1

Say for example a person writes as a query - "d dark knight rses". I want to find the nearest wikipedia page that is - http://en.wikipedia.org/wiki/The_Dark_Knight_Rises

What are possible ways to do that?

One simple way that I could think of is that search the given query on google appended with the term wikipedia. Then in the results look for the first wikipedia page. If there is no wikipedia page even in top 5 pages, return Sorry.

But is there any other convenient method or API call which avoids using Google.

Edit : CLOSEST - For example "d dark night" might result in "The Dark Night" or "The Dark Knight". Both of these are valid answers. Even though the former is closer to the query, but I guess the later is a better answer because that is what user query is likely to be.

w2lame
  • 2,774
  • 6
  • 35
  • 48
  • Hi there, about the google search you can "force" google to search only in wikipedia by writing `site:wikipedia.org` and then the string you want to search but that way you can get some false positives. – TheNewOne Aug 18 '12 at 20:12
  • 1
    You can always use Bing Developer or Yahoo Boss API – amit Aug 18 '12 at 20:14
  • Using a Bing Developer API is good. I heard that they are moving to azure though. Let me check. – w2lame Aug 18 '12 at 20:42
  • You need to be more specific, Do want a user to enter a query in your search box > search Wikipedia or Google for the top 5 matches > and if matched return the results. ? – user1608656 Aug 18 '12 at 20:11
  • I didn't understand your question.
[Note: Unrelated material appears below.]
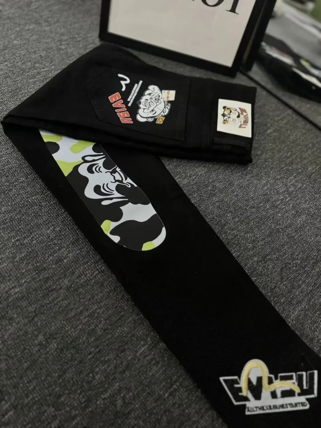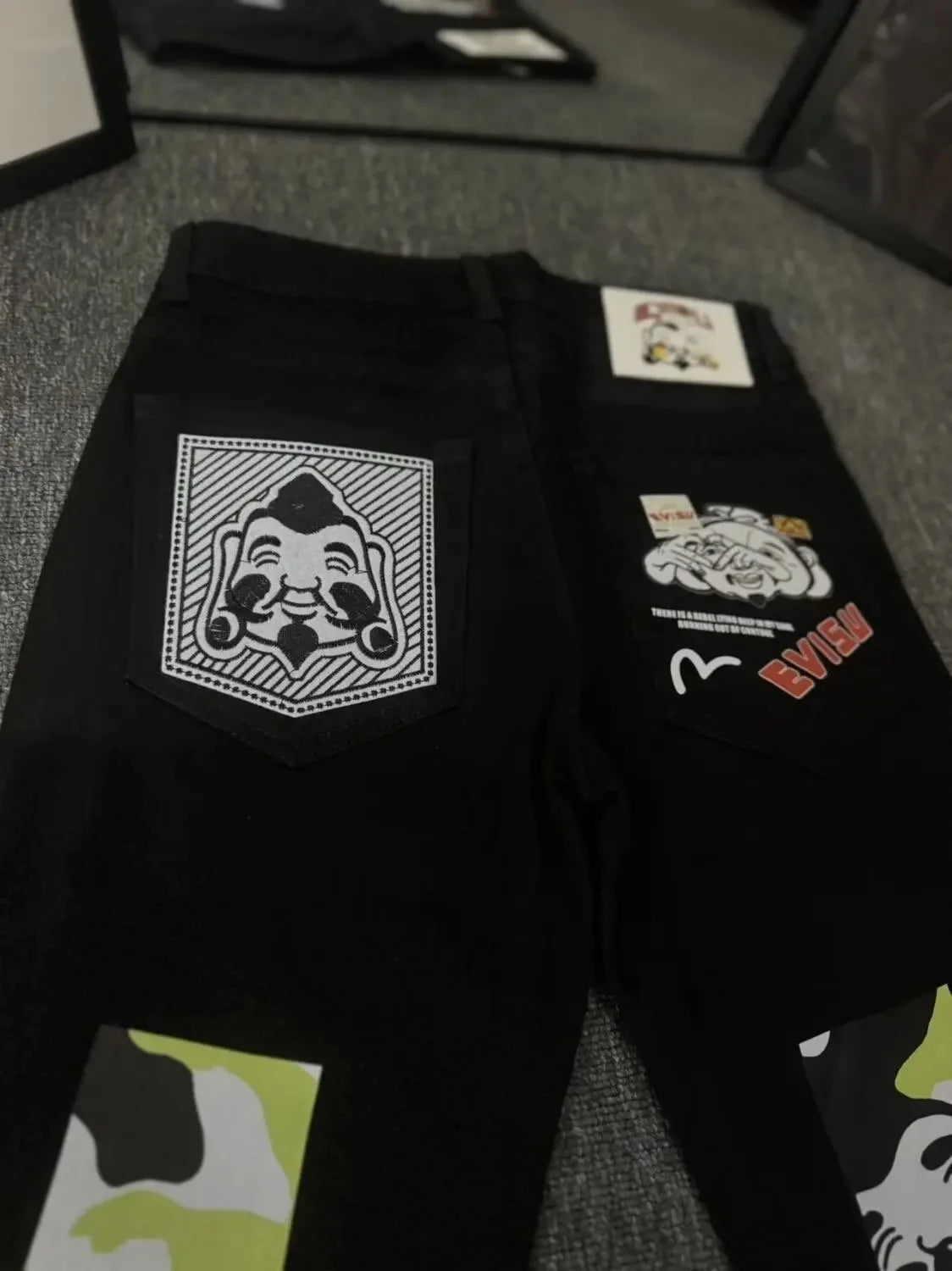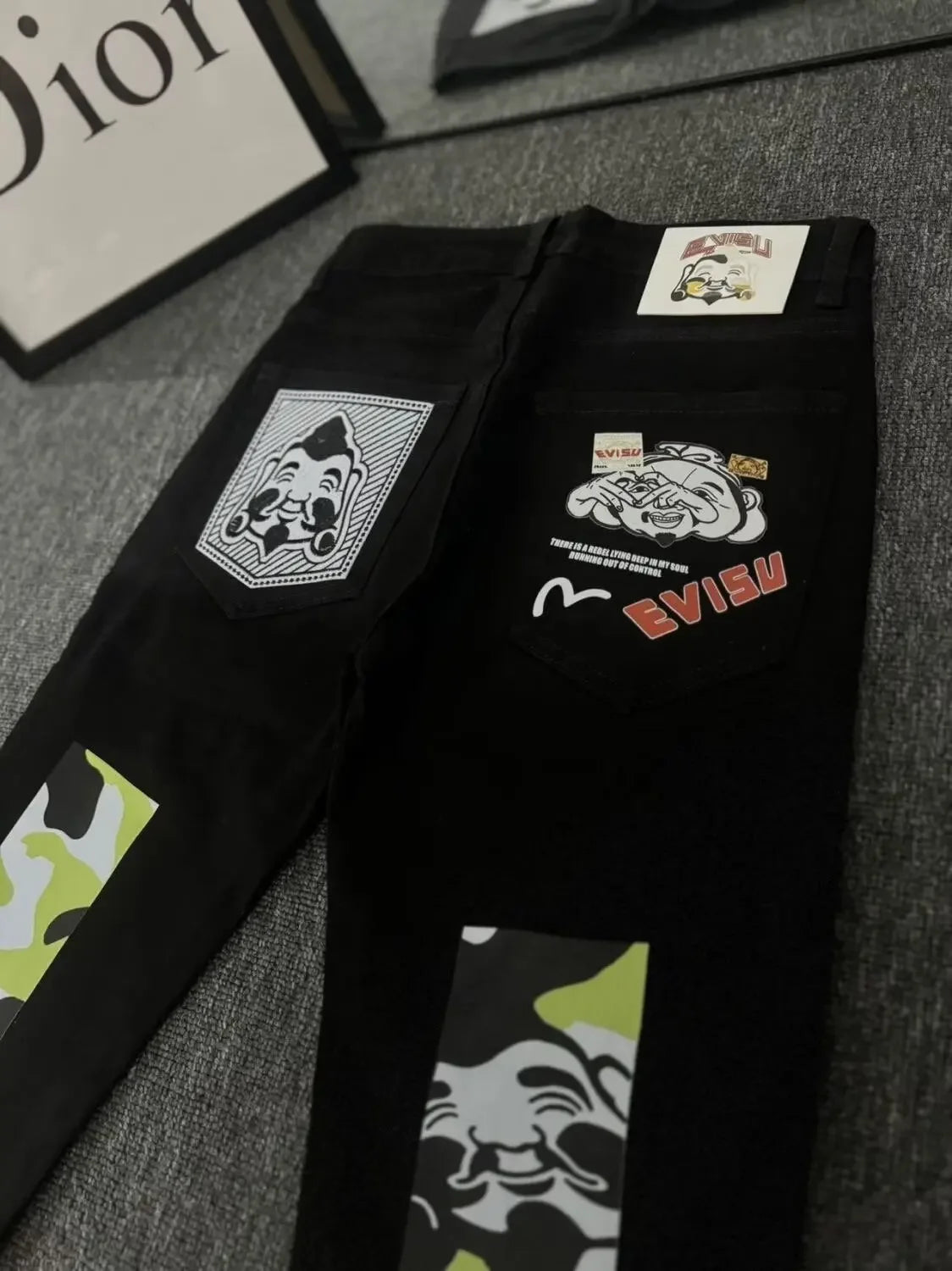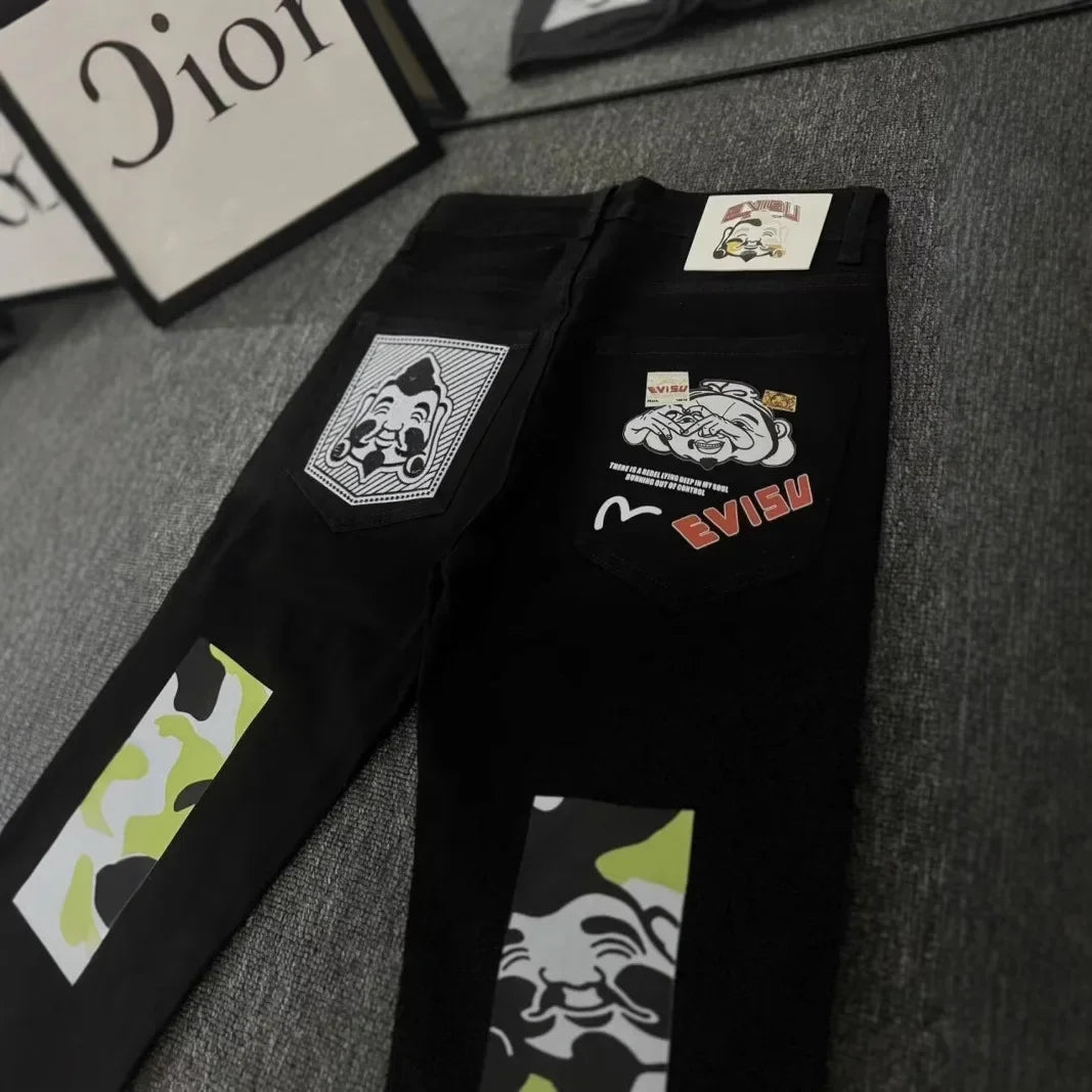 Hiphop-stijl herenjeans met rechte pijpen en lange broek met bedrukte letters...

Let us assume that we somehow have this query, and I want to find the closest wikipedia page to it. – w2lame Aug 18 '12 at 20:43
  • 1
    @w2lame: closest according to what distance? – carlosdc Aug 19 '12 at 06:04
  • Added this in the question details. – w2lame Aug 20 '12 at 18:20

1 Answers1

3

Maybe you can use the official Wikipedia API, here an example of opensearch call with dark night query:

$ curl "https://en.wikipedia.org/w/api.php?action=opensearch&search=dark%20night"

This returns:

[
    "dark night", 
    [
        "Dark Night", 
        "Dark Night of the Soul", 
        "Dark Night of the Soul (album)", 
        "Dark Night of the Scarecrow", 
        "Dark Night (song)", 
        "Dark Night (film)", 
        "Dark night rises", 
        "Dark night (roller coaster)", 
        "Dark night sky paradox"
    ]
]

UPDATE: also another approach is to download Wikipedia data dump and do some searching locally.

Tomasz Nurkiewicz
  • 334,321
  • 69
  • 703
  • 674